2019年1月10日 第2号
明けましておめでとうございます。本年も宜しくお願いいたします。
今回は食膳のことについてお話をしたいと思います。日々食べている食材で私たちの身体の基礎は作られています。そのため毎日同じ食材を食べたり、偏った食事ばかりとっていると遅かれ早かれ、身体に何かしらの問題を起こします。栄養が偏るから不調が起こる…と思われがちですが、実はある一定の食材や栄養を摂り続けると他の栄養分の吸収を妨げることになるので、食べ合わせを気にして食事をするのも大切です。
よく見受けられるのは鉄分や亜鉛が足りないので、それだけをサプリメントで摂取する人です。ですが、鉄分を多く摂取すると便秘になりやすくなり、亜鉛は鉛を身体から排出する良い効果がありますが、鉛は微量ですが甲状腺ホルモンの働きを促すために必要な栄養素なので・摂取しすぎると新陳代謝の問題に発展することもあります。いろいろな意味で体内の栄養素を管理、バランスを保つことはとても難しいので、一つだけのサプリメントを摂取するのではなく、必ず全ての栄養素が含まれているMultiVitamins & Mineralsを一緒に摂取し、足りない物を補い、多い物は排出することによって、他の栄養素の吸収の妨げを防いでサプリメントの摂取をしてください。

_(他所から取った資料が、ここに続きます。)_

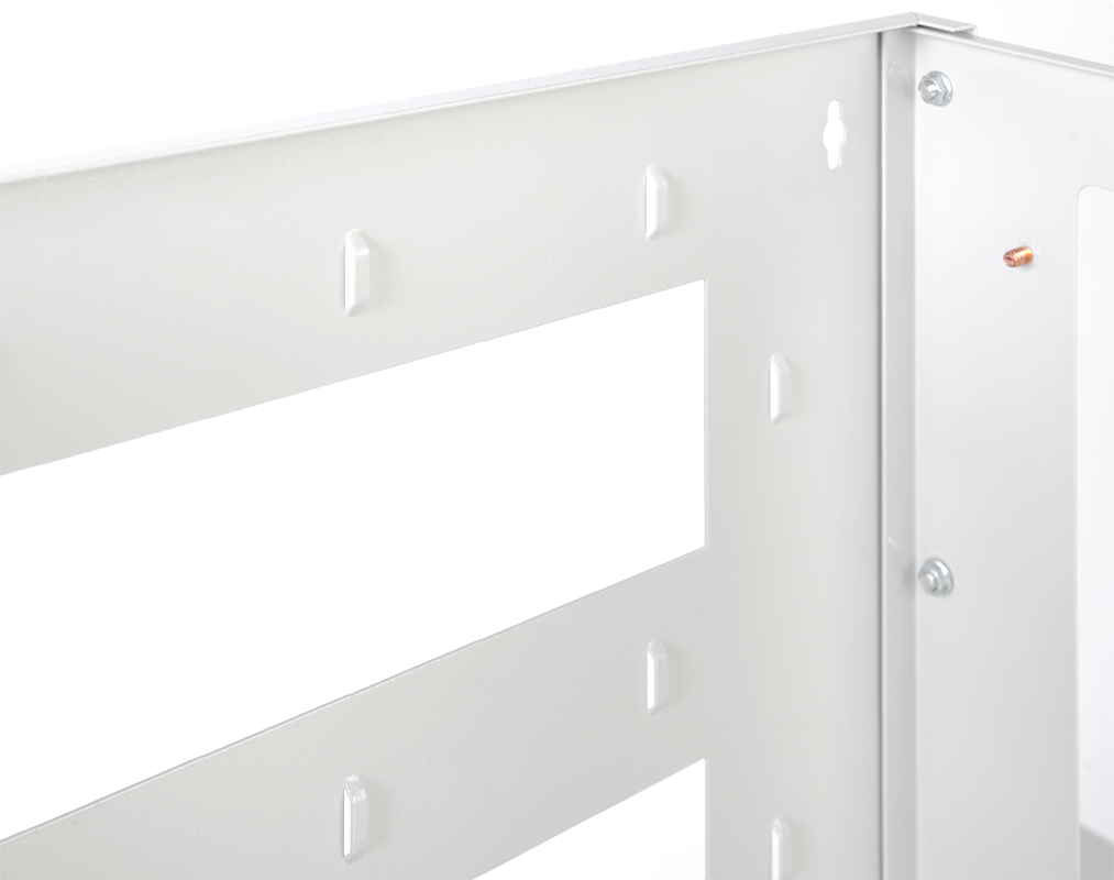 ЦМО КНО-М-6U - настенный телекоммуникационный кронштейн 19" высотой 6U. Предназначен для открытого размещения малого количества активного и пассивного телекоммуникационного оборудования. Конструкция полностью разборная, состоит из 5 элементов. Кронштейн прост в сборке, для удобства монтажа и коммутации оборудования в задней и боковых стенках предусмотрены технологические окна. Боковые стенки регулируются по глубине от 300 до 450 мм. Предусмотрено надежное крепление кронштейна к стене, через отверстия в задней стенке. Для удобной фиксации коммутационного кабеля в комплект поставки входят самоклеящиеся площадки для крепления стяжек и комплект кабельных стяжек. Предусмотрена система заземления.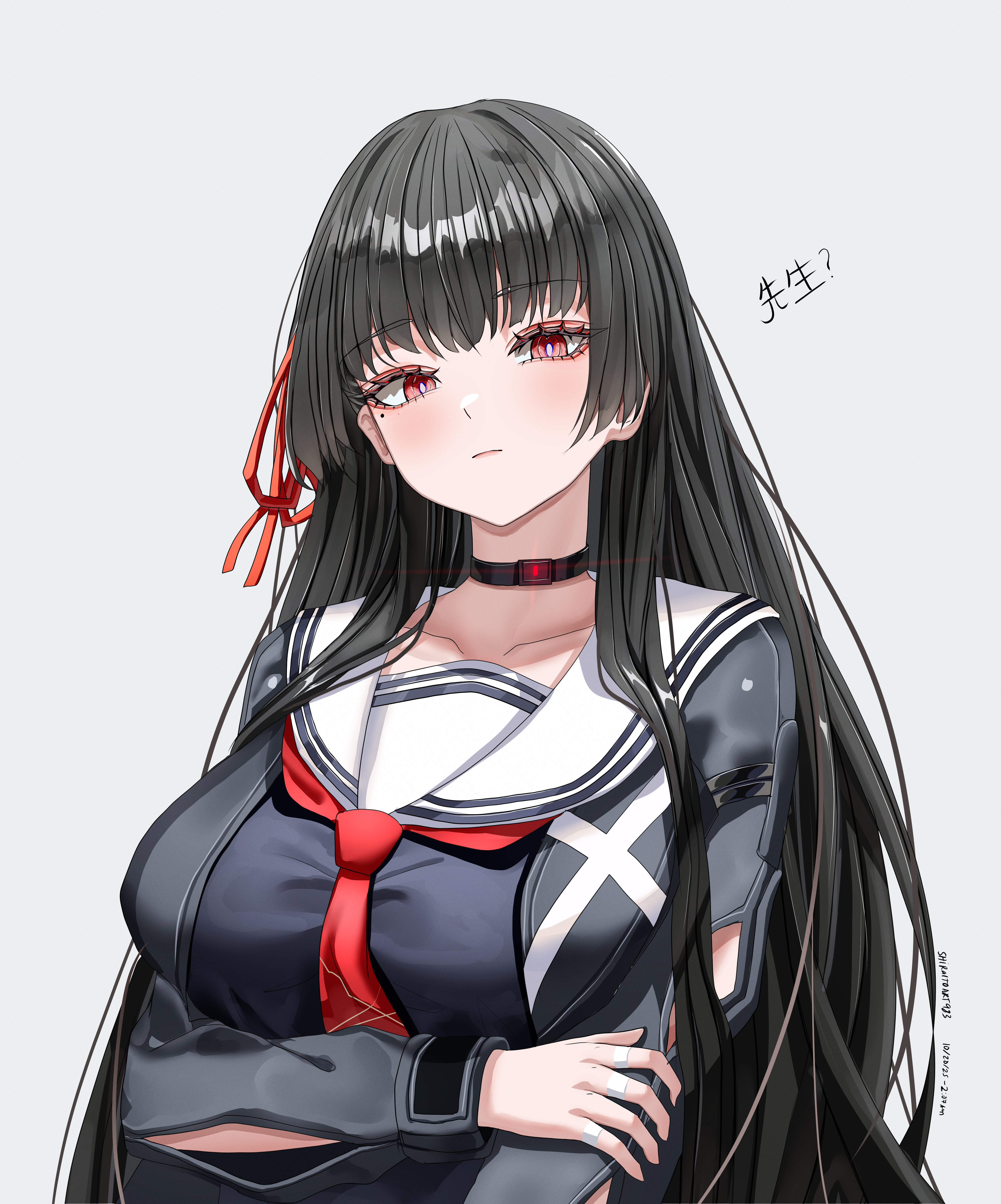 1girlarm cutoutblack chokerblack hairblack jacketblack shirtbreastschokerclosed mouthclothing cutoutcollarbonegrey backgroundhair ribbonholding own armjacketlarge breastslong hairlong sleeveslooking at viewermolemole under eyeneckerchiefred eyesred neckerchiefred ribbonribbonsailor collarshirtsimple backgroundsoloupper bodywhite sailor collar

さて、この季節になるとアルコールを飲む機会が増えます。するとトイレに行く回数が増えるため、多くの水溶性のビタミンを排出することになります。特にビタミンB群(ストレスに対応することができるビタミン)を排出するので、ビタミンB群とアルコールを分解する働きを助ける栄養素(アミノ酸)を多く含む鍋料理を献立にしてみてはいかがでしょうか。
豚肉を多く使って常夜鍋
常夜鍋とは毎夜食べても飽きない鍋ということからついた名前ですが、とても楽に作れるお鍋料理です。使用する食材は豚肉(ビタミンBとアミノ酸)と白菜のみ。なぜ楽なのかというと、鍋に昆布(ヨウ素)とお水と塩少々を入れ、豚肉と白菜を一緒に入れて火にかけるだけだからです。豚肉が薄ければあっという間にできてしまいますし、基本白菜に火が通ったら鍋はできあがりです。食べるときに多くの人がポン酢を使うと思いますが、市販のポン酢を使うのではなく、ちょっとひと手間かけてお醤油にライムかレモンの果汁を絞って食べてみてください。もっとビタミンCを摂取することができます。他にアレンジとしてもっとビタミンAやビタミンCを摂取したいと思ったら、鍋ができあがった時にほうれん草やにんじんを入れて一緒に食べると良いでしょう。火にかけすぎるとビタミンCはなくなってしまうので、必ず最後に入れるのがポイントです。ビタミンB群の吸収を高めるために、アリシンを含むニンニクやネギをタレに入れて食べるのもいいでしょう。後はちょっとだけごま油をたらすと風味も変わり、オイルの効果で肌の乾燥を防ぐ働きもします。最後は必ずおじやを作り、汁にたくさん含まれている栄養素を全て食べるのを忘れないようにしてください。
毎日の献立の中にもちょっとしたアレンジや料理のタイミングを変えるだけで多くの栄養素を摂取することができるので、自分でいろいろと考えて料理するのもいいのではないでしょうか。
草野明美 自然医学博士/Naturopathic Doctor
1989年にカナダオンタリオ州に父親の転勤で引越しをし、2002年にトロントにあるCanadian College of Naturopathic Medicine にて修業後、2年ほどバンクーバーの指圧学校で講師/カウンセラーとして自然治癒力の素晴らしさを教えていたが、日本でも同じことができないか一度帰国。その後日本で結婚、出産をし2013年7月に再度家族を連れてバンクーバーに戻ったあと、カルガリーMarket Mall内のNutrition Houseにてサプリメント健康アドバイザーとして勤務。現在は2児の母としてバンクーバーに在住。